〈女子サッカー〉日本に3-1で勝利し悲願の優勝

[`evernote` not found]
Facebook にシェア
LINEで送る

2大会ぶりの金、前回の雪辱晴らす

(사진 로금순기자)
ピッチ中央に駆け寄り喜びを分かち合う朝鮮選手たち(写真:盧琴順)

【仁川発=李永徳】23歳以下の朝鮮女子サッカーがアジアの頂点を極めた。国際サッカー連盟(FIFA)の世界ランキングで11位につけている朝鮮は決勝戦で同ランキング3位の日本と対戦。激戦の末、3-1で勝利し朝鮮にとって今大会10個目となる金メダルを獲得した。

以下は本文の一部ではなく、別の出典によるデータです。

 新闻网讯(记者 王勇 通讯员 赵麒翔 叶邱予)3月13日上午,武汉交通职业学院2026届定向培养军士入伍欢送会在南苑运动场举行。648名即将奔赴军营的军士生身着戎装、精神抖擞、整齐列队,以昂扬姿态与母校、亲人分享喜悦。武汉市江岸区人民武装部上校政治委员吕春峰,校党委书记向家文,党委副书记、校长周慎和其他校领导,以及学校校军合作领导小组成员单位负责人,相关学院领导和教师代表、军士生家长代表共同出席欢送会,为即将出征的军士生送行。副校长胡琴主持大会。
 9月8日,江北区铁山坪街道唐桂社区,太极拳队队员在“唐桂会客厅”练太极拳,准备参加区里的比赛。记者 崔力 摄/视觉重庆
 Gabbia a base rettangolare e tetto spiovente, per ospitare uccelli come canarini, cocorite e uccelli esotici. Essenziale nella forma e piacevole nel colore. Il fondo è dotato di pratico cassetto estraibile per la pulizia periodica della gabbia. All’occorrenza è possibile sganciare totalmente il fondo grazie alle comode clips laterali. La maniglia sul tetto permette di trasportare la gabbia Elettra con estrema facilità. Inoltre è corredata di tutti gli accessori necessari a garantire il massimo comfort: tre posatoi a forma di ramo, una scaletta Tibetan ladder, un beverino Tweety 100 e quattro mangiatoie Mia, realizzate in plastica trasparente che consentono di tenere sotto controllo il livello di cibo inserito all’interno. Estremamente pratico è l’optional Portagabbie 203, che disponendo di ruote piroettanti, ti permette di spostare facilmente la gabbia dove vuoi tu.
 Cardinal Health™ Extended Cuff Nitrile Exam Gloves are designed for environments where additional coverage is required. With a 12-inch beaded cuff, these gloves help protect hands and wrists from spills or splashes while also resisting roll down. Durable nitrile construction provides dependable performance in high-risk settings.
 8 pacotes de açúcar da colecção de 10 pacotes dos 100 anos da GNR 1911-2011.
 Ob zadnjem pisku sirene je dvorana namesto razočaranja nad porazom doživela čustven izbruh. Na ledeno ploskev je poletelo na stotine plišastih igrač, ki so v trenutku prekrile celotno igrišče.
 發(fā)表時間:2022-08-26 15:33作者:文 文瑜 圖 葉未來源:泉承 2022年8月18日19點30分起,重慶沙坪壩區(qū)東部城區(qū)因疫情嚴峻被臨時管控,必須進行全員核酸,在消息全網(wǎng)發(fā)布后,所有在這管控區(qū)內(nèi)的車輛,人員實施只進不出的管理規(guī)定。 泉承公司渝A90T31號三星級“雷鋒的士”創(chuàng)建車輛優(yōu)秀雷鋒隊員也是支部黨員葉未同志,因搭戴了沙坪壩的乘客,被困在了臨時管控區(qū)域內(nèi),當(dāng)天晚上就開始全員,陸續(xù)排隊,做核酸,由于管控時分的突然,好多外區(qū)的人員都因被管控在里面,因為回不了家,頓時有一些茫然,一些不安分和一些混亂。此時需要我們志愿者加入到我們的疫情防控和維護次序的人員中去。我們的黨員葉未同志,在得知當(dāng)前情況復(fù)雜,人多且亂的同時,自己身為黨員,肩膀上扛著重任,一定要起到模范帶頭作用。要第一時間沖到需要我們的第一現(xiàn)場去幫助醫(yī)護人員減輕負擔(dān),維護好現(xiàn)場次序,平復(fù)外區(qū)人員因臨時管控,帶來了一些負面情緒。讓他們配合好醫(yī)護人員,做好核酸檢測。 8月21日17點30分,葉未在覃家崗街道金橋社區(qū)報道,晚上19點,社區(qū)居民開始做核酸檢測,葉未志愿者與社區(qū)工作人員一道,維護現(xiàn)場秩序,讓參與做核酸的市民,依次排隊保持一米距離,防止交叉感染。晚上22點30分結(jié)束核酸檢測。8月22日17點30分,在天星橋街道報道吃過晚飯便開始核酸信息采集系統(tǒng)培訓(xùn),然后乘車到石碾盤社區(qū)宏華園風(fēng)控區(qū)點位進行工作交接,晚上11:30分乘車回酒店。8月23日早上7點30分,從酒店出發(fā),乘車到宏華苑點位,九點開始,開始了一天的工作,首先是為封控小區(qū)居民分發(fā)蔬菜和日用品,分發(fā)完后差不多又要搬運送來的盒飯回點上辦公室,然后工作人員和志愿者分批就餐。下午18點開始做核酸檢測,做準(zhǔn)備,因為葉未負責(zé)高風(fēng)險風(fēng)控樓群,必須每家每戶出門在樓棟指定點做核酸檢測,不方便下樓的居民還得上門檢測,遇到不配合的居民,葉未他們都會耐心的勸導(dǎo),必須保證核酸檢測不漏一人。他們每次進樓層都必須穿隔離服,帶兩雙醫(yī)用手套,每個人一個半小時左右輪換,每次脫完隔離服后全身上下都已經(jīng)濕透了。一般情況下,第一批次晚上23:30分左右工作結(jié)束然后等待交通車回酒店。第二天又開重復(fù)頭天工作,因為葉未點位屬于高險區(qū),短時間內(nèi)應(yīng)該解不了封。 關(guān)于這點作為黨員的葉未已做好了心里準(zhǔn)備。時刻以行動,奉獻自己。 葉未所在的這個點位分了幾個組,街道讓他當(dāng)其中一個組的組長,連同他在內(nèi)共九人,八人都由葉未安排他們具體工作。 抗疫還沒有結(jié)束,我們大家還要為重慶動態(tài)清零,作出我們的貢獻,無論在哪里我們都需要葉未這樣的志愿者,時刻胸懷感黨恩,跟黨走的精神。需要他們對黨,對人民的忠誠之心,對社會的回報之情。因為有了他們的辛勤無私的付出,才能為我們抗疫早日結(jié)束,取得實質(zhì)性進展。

朝鮮は金10個、銀10個、銅12個、合計32個として国別メダルランキングで6位につけている。

(사진 로금순기자)
(写真:盧琴順)

北南一丸となって勝利掴む

試合開始前から赤や白のTシャツに身を包んだ「南北合同応援団」が大声援を送るホームの雰囲気の中で、たたかいの火蓋は切って落とされた。

朝鮮は日本に通算対戦成績で9勝5分5敗と勝ち越している。同大会では2006年、2010年に続き3大会連続で決勝が同じ組み合わせ。前回の広州大会では0-1で敗れ、眼前で優勝をさらわれた。是が非でも優勝を成し遂げて雪辱を晴らしたかった朝鮮は、試合開始から気迫のこもったサッカーを展開する。

前半11分に試合は動く。右サイドからDFユン・ソンミ選手が放った低いフリーキックがゴール前の密集地帯でこぼれ、そのボールにいち早く反応したMFキム・ユンミ選手が右足を振り向いて幸先よく先制点を決めた。

その後も朝鮮は豊富な運動量と高いボールテクニックで相手ゴールに迫る。負けじと日本も反撃し、両チームとも絶好の決定機を作り出すなど手に汗握る攻防戦が続いた。

後半開始早々、朝鮮はFWホ・ウンビョル選手を投入。これまで4試合で3得点を記録し、準々決勝と準決勝では途中出場から決勝点を決めた切り札をピッチに送り、攻撃に厚みを加える。

後半7分にはカウンターから、相手ディフェンスラインの背後を突く絶妙なパスに抜け出した主将のFWラ・ウンシム選手が得点しリードを2点に広げる。

時間の経過とともに応援は熱気を帯びていき、好プレーが生まれるごとに選手の名前が力強くコールされた。鳴り止まない声援に感化されるように、朝鮮の選手たちは後半11分に失点しても足を止めることはなかった。日本に攻め込まれても最後の局面で選手全員が体を投げ出してボールに食らいつき、攻めの姿勢を貫き通した。

そして試合終了間際、朝鮮にとってこの日三度目となる歓喜の瞬間が訪れた。

日本の猛攻を跳ね返すと、朝鮮の選手たちは最後の力を振り絞って相手ゴールに向かって一斉に駆け出した。左サイドからゴール前へとクロスが放たれると途中出場のFWホ・ウンビョル選手が猛然と走りこみ、相手選手と競り合いながら渾身のダイビングヘッドをゴールに叩き込んだ。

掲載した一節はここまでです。